§ Problem to work on
Show every line of the data that includes the word "space".
── Provided entries ──
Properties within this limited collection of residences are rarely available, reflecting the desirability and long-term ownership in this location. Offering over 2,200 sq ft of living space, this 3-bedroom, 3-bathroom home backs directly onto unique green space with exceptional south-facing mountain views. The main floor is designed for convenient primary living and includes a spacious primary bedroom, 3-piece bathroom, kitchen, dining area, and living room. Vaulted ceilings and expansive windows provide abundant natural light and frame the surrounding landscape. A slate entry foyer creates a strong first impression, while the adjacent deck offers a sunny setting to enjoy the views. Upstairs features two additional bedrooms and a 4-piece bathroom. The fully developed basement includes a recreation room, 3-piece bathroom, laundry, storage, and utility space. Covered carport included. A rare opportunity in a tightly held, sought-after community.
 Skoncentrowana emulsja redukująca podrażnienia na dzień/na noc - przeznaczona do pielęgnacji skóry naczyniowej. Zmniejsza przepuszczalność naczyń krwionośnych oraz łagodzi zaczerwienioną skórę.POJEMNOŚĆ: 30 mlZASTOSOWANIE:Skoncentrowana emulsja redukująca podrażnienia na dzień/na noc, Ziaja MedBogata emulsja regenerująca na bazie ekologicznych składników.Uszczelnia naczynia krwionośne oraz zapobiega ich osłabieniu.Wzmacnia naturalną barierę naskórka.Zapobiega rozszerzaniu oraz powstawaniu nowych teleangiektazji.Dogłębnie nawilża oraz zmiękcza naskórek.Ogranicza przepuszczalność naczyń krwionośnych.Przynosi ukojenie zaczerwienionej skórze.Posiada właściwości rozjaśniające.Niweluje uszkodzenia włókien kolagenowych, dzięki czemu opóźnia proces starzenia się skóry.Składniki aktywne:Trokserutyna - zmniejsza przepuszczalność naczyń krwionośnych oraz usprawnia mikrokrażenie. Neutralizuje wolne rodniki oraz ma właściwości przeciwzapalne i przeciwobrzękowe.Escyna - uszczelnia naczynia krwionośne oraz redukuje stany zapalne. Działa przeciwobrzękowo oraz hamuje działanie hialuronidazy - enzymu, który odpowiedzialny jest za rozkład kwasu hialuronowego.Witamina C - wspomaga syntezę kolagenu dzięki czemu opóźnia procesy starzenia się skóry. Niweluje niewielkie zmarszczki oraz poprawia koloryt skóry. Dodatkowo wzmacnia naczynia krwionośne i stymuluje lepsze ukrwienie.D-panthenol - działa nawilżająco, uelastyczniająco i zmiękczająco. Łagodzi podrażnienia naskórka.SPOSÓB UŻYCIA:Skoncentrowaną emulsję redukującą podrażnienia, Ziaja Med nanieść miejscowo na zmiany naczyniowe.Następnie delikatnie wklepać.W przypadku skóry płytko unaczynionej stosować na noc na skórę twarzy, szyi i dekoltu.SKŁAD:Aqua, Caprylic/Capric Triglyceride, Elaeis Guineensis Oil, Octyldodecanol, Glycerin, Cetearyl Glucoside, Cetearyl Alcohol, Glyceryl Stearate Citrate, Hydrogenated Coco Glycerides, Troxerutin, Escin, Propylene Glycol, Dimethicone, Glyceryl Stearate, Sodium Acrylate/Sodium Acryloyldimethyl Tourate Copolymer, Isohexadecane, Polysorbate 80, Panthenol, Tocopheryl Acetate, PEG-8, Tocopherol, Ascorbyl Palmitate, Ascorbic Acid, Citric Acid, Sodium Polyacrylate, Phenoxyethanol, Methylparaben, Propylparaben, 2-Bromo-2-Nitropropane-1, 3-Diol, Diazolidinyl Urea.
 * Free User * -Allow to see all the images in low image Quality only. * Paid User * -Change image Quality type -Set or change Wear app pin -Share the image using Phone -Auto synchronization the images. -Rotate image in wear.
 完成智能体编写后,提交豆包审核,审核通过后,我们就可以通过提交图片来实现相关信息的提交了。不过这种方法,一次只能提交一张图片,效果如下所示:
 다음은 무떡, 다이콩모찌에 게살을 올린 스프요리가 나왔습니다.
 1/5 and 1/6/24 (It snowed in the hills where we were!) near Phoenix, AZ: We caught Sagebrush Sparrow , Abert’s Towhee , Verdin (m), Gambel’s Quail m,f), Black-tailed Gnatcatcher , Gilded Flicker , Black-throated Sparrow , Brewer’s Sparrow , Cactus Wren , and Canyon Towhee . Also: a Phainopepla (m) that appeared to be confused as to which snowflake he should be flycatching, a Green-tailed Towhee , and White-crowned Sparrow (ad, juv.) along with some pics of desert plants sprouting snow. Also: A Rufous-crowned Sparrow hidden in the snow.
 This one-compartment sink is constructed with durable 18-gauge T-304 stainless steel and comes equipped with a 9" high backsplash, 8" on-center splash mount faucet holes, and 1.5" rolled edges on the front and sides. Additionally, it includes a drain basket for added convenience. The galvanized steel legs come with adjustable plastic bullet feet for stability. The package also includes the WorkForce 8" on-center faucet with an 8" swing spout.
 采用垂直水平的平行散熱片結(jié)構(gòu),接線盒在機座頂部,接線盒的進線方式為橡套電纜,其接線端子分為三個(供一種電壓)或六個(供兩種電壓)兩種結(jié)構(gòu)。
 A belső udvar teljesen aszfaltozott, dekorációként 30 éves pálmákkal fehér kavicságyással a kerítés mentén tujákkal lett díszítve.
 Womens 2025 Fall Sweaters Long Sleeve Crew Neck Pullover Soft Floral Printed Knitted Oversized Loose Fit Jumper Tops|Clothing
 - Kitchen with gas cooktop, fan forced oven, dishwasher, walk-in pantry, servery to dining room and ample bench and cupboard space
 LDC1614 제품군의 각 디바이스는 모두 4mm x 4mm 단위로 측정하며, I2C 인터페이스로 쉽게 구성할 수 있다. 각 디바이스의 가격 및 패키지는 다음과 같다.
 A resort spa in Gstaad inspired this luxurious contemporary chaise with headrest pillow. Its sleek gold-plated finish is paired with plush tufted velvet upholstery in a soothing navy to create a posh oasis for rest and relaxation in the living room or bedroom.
───
§ Answer box
Properties within this limited collection of residences are rarely available, reflecting the desirability and long-term ownership in this location. Offering over 2,200 sq ft of living space, this 3-bedroom, 3-bathroom home backs directly onto unique green space with exceptional south-facing mountain views. The main floor is designed for convenient primary living and includes a spacious primary bedroom, 3-piece bathroom, kitchen, dining area, and living room. Vaulted ceilings and expansive windows provide abundant natural light and frame the surrounding landscape. A slate entry foyer creates a strong first impression, while the adjacent deck offers a sunny setting to enjoy the views. Upstairs features two additional bedrooms and a 4-piece bathroom. The fully developed basement includes a recreation room, 3-piece bathroom, laundry, storage, and utility space. Covered carport included. A rare opportunity in a tightly held, sought-after community.
 - Kitchen with gas cooktop, fan forced oven, dishwasher, walk-in pantry, servery to dining room and ample bench and cupboard space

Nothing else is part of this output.